The pipe organ was designed especially for this Church so to have perfect acoustics. Today, I think the instrument to play the pipes has been improved and a new player was installed in 1967 and blessed in 2005.
The foundation was designed to carry 10 times the weight of the cathedral.
Most of the stained glass windows were destroyed during
World War II.
Some broken tiles have been replaced with local tiles with the imprint of “Wang-Tai Saigon.” The original tiles were imprinted with the words Guichard Carvin, Marseille St Andre France.
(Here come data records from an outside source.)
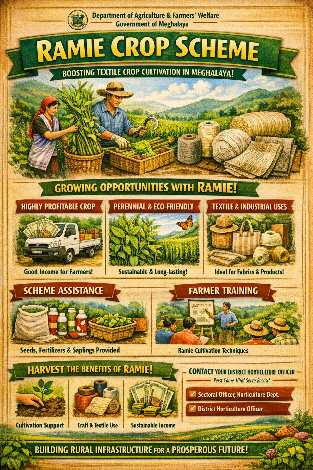 The “Ramie Crop Scheme” is a State Plan Scheme, which is implemented by the Department of Agriculture & Farmers’ Welfare, Government of Meghalaya. The objective of the scheme is to encourage the cultivation of perennial and remunerative textile crops such as Ramie in suitable areas by providing necessary inputs and training.
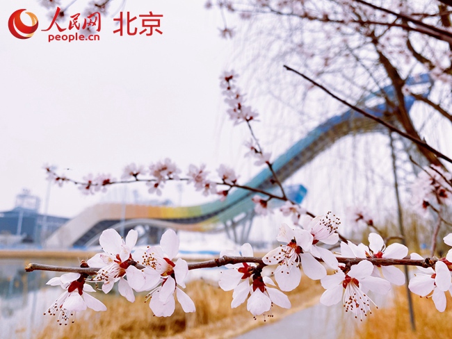 “太酷了!”專(zhuān)程來(lái)打卡的小郭一躍而起,與“雪飛天”來(lái)了個(gè)合影。還有的游客手舉可愛(ài)的冰墩墩和雪容融,以大跳臺(tái)和冷卻塔為背景拍下了照片。眼下,首鋼園群明湖畔的桃花已滿(mǎn)上枝頭,不少市民游客趕在這個(gè)季節(jié)前來(lái)一睹“雪飛天”的雄姿。
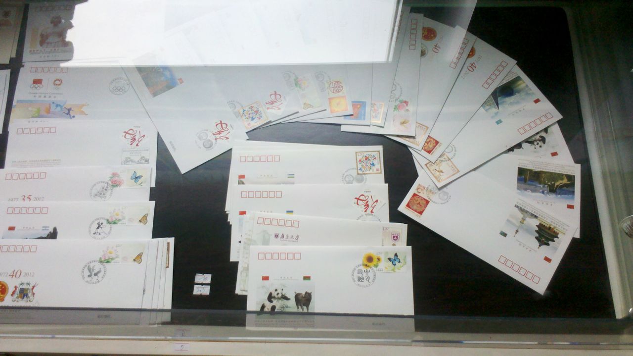 下面是邮局里拍到的柜台,好多的纪念封,首日封啊,单枚的封基本是2.5或3.5元。福禄寿喜首日封一套9元。上班族的悲哀啊,平时在家都看不到那么多的封。
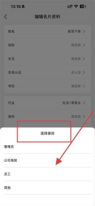 5、在弹出的选择身份菜单中挑选对应身份,即可完成身份信息的修改。

In the flower garden in front of the cathedral, there was a bronze statue of Pigneau de Behaine (also called Bishop Adran) leading Prince Canh, the son of Gia Long by his left hand. In his right hand is a symbol of the 1787 Treaty of Versailles. The statue was made in France. In 1945, the statue was removed, for what reason and where the statue is today is a good question. My guess is the statue was offensive to some Vietnamese. In 1945, the last Nguyen Emperor, Bao Dai, had abdicated. Ho Chi Minh had declared Vietnam an independent nation. A reminder of French meddling in Vietnam affairs probably was offensive.
The foundation remained. In 1959, Bishop Joseph Pham Van Thien, whose jurisdiction included Saigon parish, attended Holy Mother Congress held in Vatican and ordered a Peaceful Notre Dame statue made with granite in Rome. When the statue arrived in Saigon, on 16 February 1959 Bishop Pham Van Thien held a ceremony to install the statue
on the empty base and presented the title of "Regina Pacis". It was Bishop Pham Van Thien who wrote the prayers "Notre-Dame bless the peace to Vietnam.” On the next day, Cardinal Aganianian came from Rome to chair the closing ceremony of the Holy Mother Congress and solemnly chaired the ceremony for the statue, thus the cathedral was then-on called Notre-Dame Cathedral.
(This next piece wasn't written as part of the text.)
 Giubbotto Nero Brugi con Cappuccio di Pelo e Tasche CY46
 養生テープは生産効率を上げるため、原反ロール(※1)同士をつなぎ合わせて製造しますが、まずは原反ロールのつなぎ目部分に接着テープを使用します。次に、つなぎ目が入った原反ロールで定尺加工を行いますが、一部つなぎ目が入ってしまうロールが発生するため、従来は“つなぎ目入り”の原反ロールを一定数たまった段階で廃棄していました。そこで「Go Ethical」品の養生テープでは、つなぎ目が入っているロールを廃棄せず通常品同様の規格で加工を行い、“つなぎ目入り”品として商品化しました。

In 1960, the Vatican founded Roman Catholic dioceses in Vietnam and assigned archbishops to Hanoi, Huế and Saigon. The cathedral was titled Saigon Chief Cathedral. In 1962, Vatican anointed the Saigon Chief Cathedral conferred it basilique. From this time, this cathedral was called Saigon Notre-Dame Cathedral Basilica. The Future US President, the Prince and the Missionary and Three Revolutions
Some of my Vietnamese friends talk about their six thousand year history. Of what? Most of that history centers on a small kingdom around Hanoi. When Father Alexandre de Rhodes got to Vietnam around 1630, Vietnam was two small kingdoms in what we know today as Northern Vietnam. What we know as South Vietnam was the Kingdom of Champa. Champa, an entirely different people, different language and customs. As Rhodes pointed out in his book, “The Travels
and Missions of Father Alexander de Rhodes in China and Other Kingdoms of the Orient,” they were almost constantly at war with each other.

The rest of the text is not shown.